• [INFORMATION SHOWN]
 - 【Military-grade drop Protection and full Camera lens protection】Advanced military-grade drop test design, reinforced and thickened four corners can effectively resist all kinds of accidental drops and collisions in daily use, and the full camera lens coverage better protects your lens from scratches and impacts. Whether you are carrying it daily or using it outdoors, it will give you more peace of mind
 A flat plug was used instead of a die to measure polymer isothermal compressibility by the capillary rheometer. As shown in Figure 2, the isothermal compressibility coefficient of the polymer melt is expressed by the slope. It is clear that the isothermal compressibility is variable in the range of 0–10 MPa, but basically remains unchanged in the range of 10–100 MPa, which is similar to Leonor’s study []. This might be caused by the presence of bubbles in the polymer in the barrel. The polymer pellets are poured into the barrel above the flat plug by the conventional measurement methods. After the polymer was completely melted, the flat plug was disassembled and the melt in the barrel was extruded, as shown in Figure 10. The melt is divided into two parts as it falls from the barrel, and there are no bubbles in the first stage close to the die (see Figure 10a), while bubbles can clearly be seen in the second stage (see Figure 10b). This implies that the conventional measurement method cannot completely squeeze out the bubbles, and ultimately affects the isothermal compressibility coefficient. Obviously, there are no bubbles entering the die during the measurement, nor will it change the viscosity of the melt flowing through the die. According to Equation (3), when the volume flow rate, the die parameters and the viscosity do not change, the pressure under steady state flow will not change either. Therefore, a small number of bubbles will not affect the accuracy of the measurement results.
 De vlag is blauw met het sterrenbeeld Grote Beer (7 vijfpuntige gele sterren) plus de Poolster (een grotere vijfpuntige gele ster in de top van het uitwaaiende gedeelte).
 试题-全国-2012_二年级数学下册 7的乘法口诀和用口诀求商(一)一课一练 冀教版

==

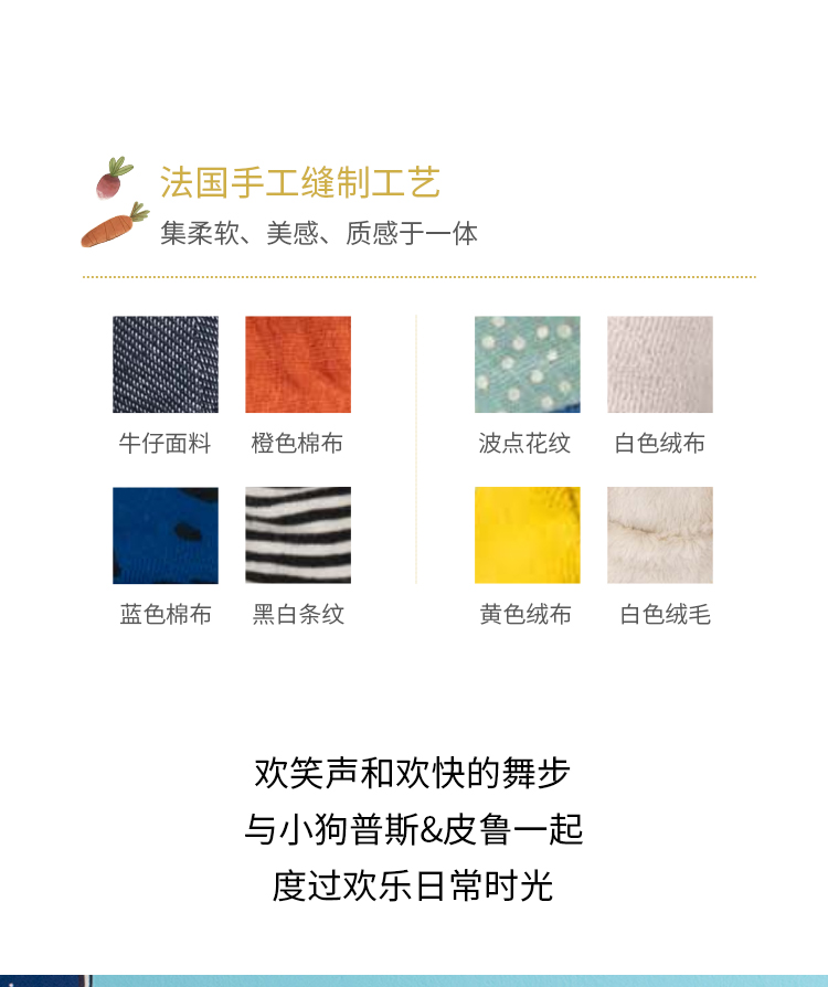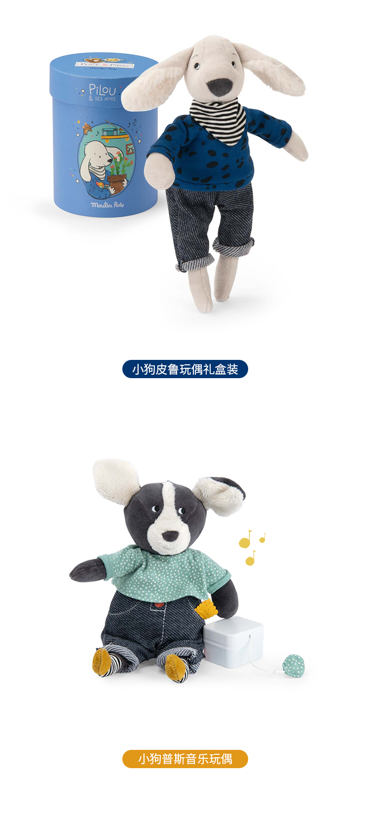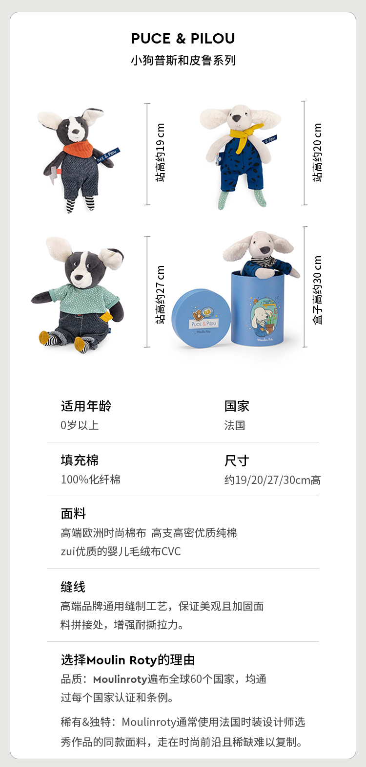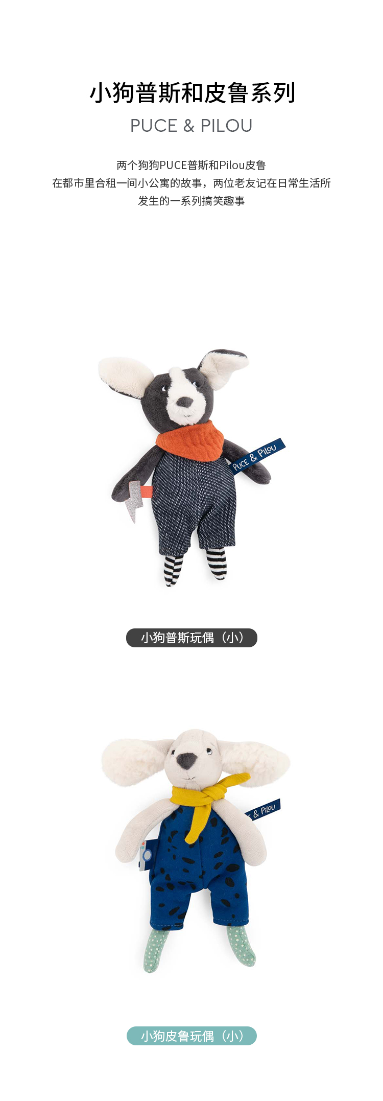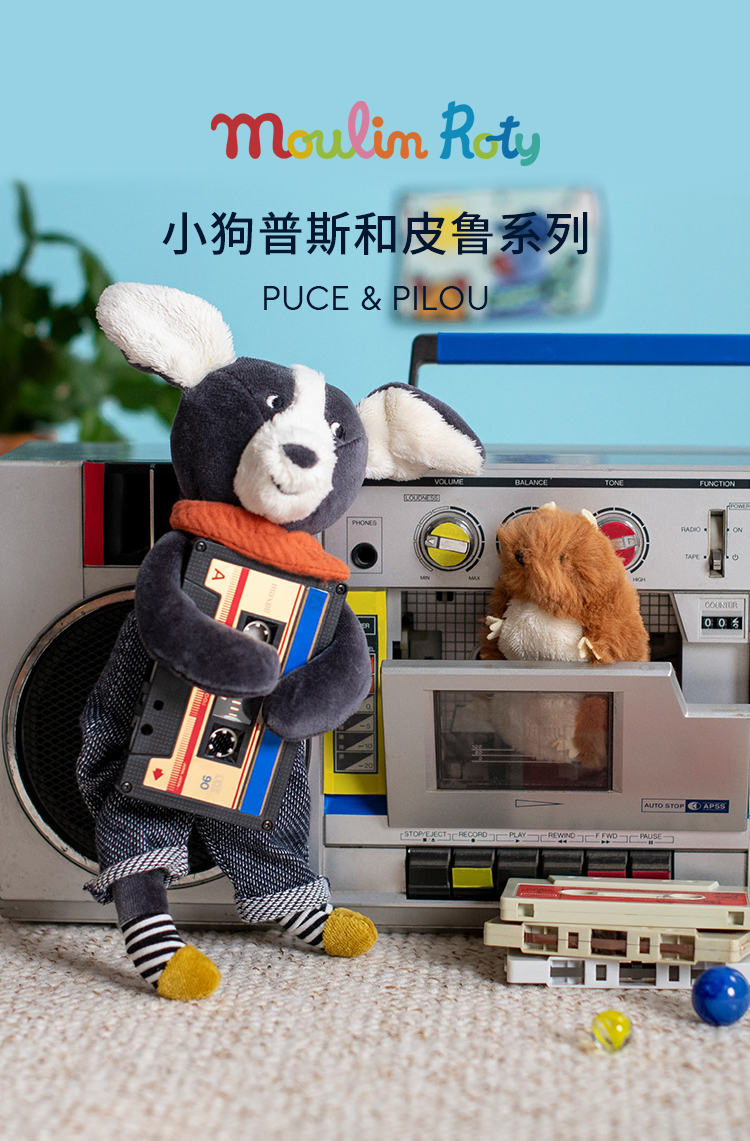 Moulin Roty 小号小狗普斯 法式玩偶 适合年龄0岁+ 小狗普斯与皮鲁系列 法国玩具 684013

...

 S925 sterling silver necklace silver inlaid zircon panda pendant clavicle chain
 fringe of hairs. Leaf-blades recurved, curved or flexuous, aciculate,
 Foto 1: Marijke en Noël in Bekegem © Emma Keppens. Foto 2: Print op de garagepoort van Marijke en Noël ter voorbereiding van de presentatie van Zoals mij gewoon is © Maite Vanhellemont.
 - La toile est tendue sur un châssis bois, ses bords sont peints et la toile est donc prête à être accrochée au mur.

• [EXERCISE GOAL] Within the listing above, extract exactly the lines from the line with "De vlag is blauw" to the line with "试题-全国-2012_二年级数学下册 7的乘法口诀和用口诀求商(一)一课一练 冀教版", the two named lines included, and no others.

• [EXERCISE SOLUTION]
 De vlag is blauw met het sterrenbeeld Grote Beer (7 vijfpuntige gele sterren) plus de Poolster (een grotere vijfpuntige gele ster in de top van het uitwaaiende gedeelte).
 试题-全国-2012_二年级数学下册 7的乘法口诀和用口诀求商(一)一课一练 冀教版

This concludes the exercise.